----- Input

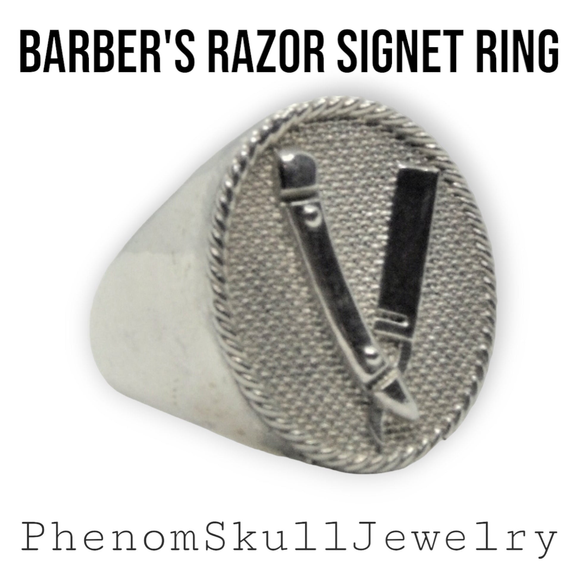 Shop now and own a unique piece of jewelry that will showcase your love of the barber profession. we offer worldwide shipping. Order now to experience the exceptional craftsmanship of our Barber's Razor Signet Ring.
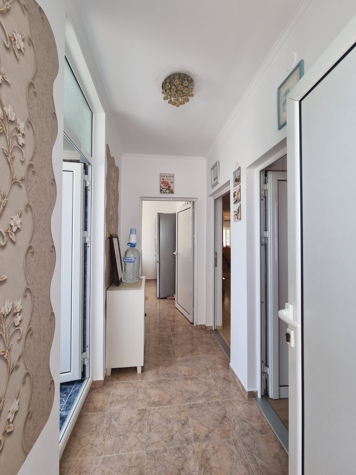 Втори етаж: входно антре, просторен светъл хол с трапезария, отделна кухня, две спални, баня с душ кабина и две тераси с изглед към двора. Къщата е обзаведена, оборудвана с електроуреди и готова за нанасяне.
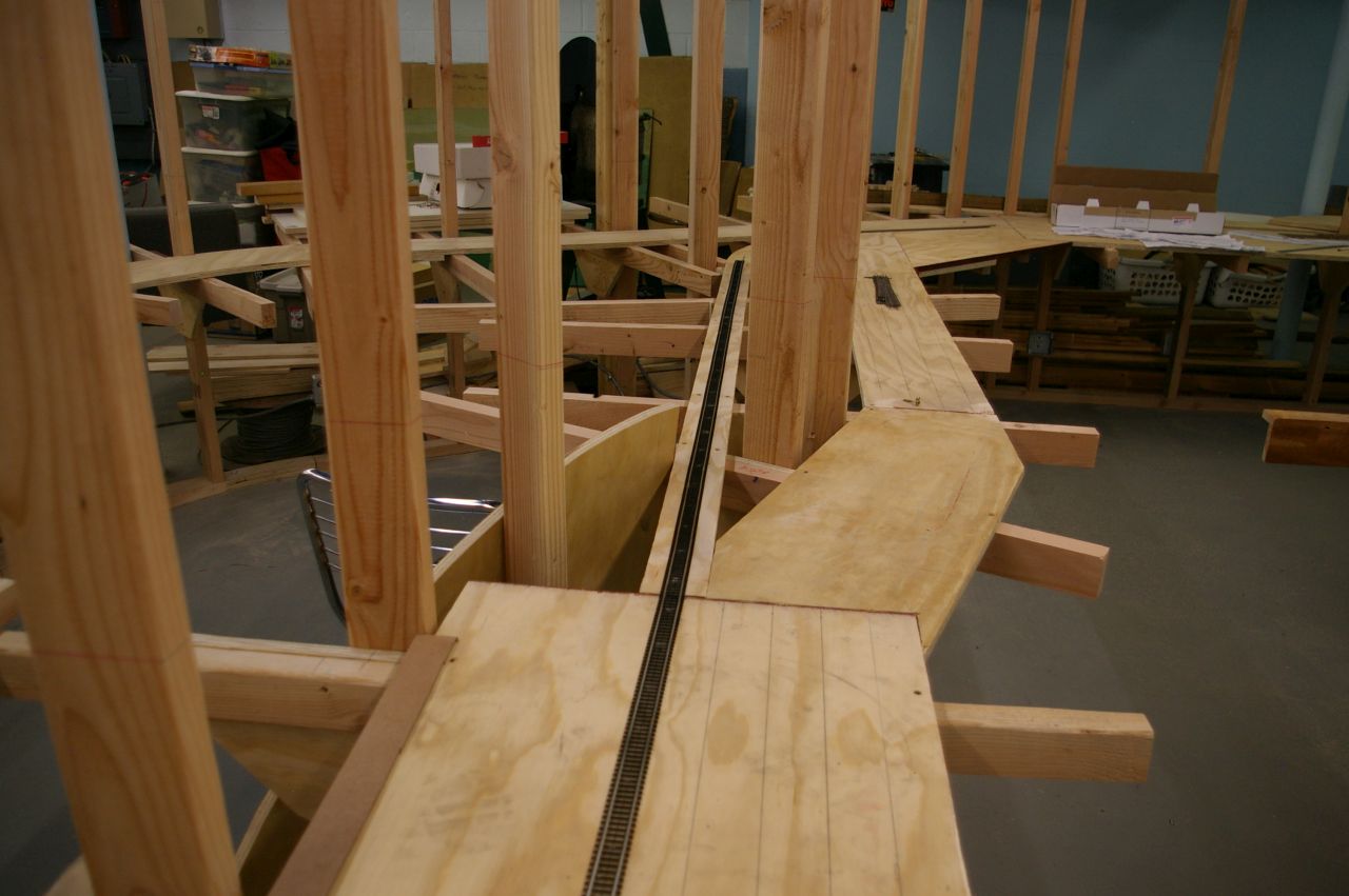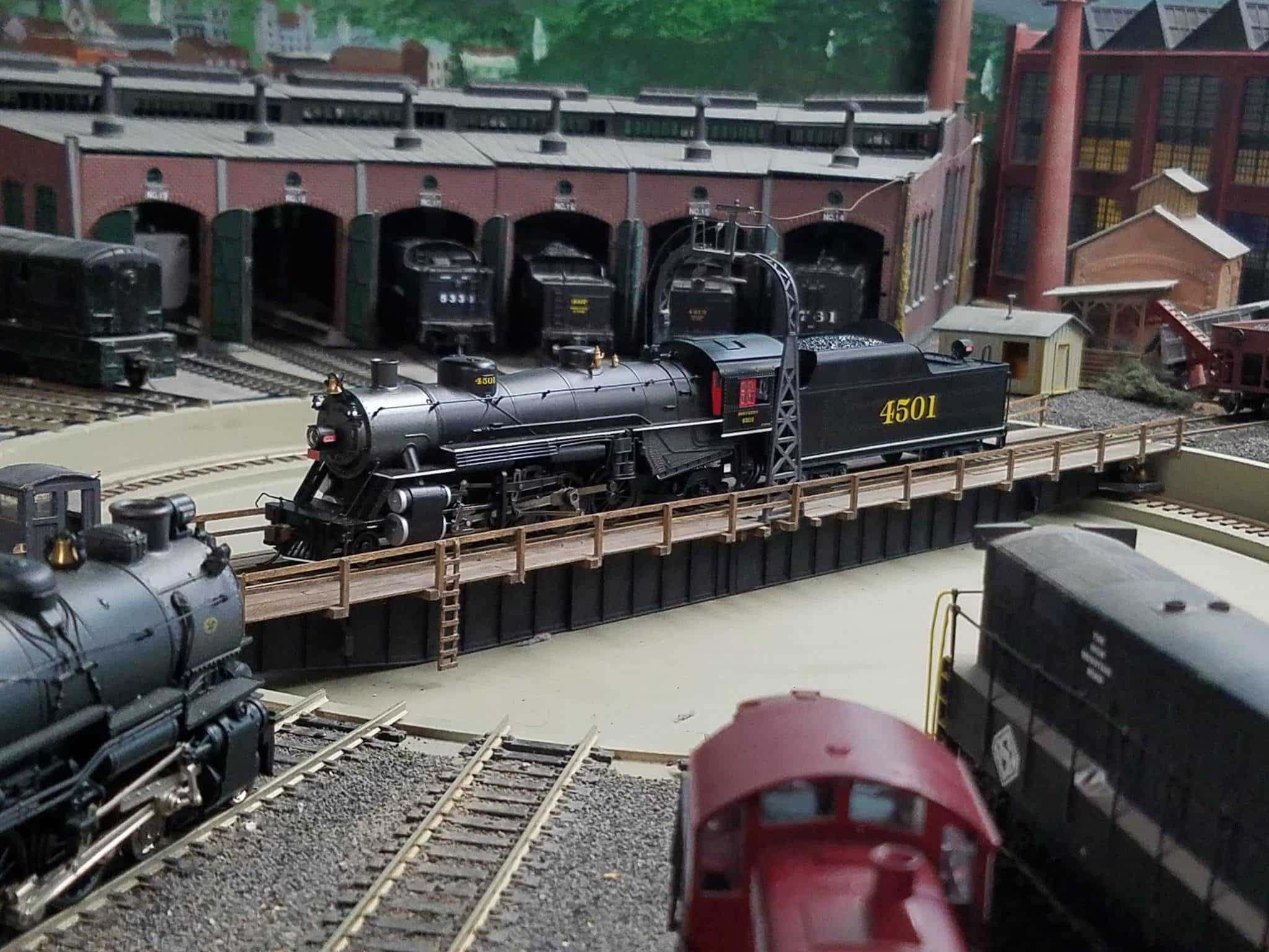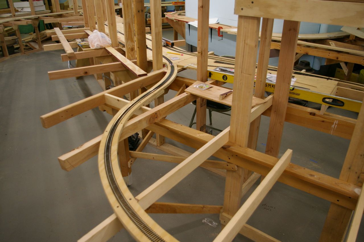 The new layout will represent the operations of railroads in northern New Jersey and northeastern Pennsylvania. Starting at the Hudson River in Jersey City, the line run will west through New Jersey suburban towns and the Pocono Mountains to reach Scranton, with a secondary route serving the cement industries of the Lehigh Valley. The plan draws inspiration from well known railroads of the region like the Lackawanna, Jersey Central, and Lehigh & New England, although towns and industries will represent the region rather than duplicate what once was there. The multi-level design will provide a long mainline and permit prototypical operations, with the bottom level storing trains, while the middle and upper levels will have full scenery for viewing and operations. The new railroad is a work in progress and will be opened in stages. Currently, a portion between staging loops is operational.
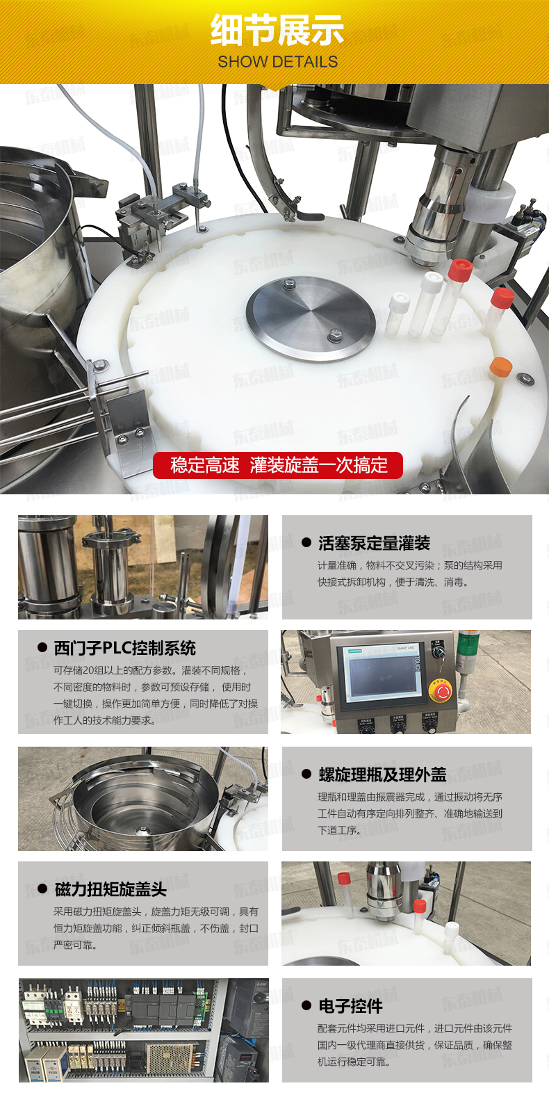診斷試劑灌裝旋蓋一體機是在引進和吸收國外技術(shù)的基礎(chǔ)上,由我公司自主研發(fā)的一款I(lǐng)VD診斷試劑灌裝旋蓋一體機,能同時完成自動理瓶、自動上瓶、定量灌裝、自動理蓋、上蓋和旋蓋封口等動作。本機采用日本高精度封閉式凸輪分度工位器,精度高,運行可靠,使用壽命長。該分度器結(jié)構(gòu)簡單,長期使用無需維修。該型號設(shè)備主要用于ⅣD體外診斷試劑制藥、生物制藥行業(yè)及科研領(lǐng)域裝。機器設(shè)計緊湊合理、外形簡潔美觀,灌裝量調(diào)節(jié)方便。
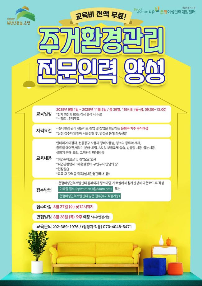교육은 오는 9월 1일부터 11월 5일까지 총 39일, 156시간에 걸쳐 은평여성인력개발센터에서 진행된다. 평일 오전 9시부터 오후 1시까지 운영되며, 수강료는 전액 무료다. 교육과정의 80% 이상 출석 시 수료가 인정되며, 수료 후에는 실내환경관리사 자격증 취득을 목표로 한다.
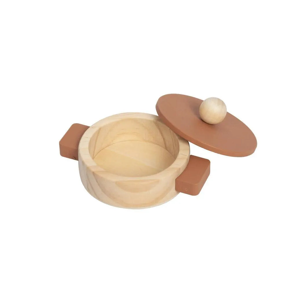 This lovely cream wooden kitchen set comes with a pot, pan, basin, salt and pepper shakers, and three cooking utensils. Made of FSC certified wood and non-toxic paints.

----------

● **Exercise**: Every line above goes into your copy exactly; no images go in.

● **Answer area**:
 Shop now and own a unique piece of jewelry that will showcase your love of the barber profession. we offer worldwide shipping. Order now to experience the exceptional craftsmanship of our Barber's Razor Signet Ring.
 Втори етаж: входно антре, просторен светъл хол с трапезария, отделна кухня, две спални, баня с душ кабина и две тераси с изглед към двора. Къщата е обзаведена, оборудвана с електроуреди и готова за нанасяне.
 The new layout will represent the operations of railroads in northern New Jersey and northeastern Pennsylvania. Starting at the Hudson River in Jersey City, the line run will west through New Jersey suburban towns and the Pocono Mountains to reach Scranton, with a secondary route serving the cement industries of the Lehigh Valley. The plan draws inspiration from well known railroads of the region like the Lackawanna, Jersey Central, and Lehigh & New England, although towns and industries will represent the region rather than duplicate what once was there. The multi-level design will provide a long mainline and permit prototypical operations, with the bottom level storing trains, while the middle and upper levels will have full scenery for viewing and operations. The new railroad is a work in progress and will be opened in stages. Currently, a portion between staging loops is operational.
診斷試劑灌裝旋蓋一體機是在引進和吸收國外技術(shù)的基礎(chǔ)上,由我公司自主研發(fā)的一款I(lǐng)VD診斷試劑灌裝旋蓋一體機,能同時完成自動理瓶、自動上瓶、定量灌裝、自動理蓋、上蓋和旋蓋封口等動作。本機采用日本高精度封閉式凸輪分度工位器,精度高,運行可靠,使用壽命長。該分度器結(jié)構(gòu)簡單,長期使用無需維修。該型號設(shè)備主要用于ⅣD體外診斷試劑制藥、生物制藥行業(yè)及科研領(lǐng)域裝。機器設(shè)計緊湊合理、外形簡潔美觀,灌裝量調(diào)節(jié)方便。
교육은 오는 9월 1일부터 11월 5일까지 총 39일, 156시간에 걸쳐 은평여성인력개발센터에서 진행된다. 평일 오전 9시부터 오후 1시까지 운영되며, 수강료는 전액 무료다. 교육과정의 80% 이상 출석 시 수료가 인정되며, 수료 후에는 실내환경관리사 자격증 취득을 목표로 한다.
 This lovely cream wooden kitchen set comes with a pot, pan, basin, salt and pepper shakers, and three cooking utensils. Made of FSC certified wood and non-toxic paints.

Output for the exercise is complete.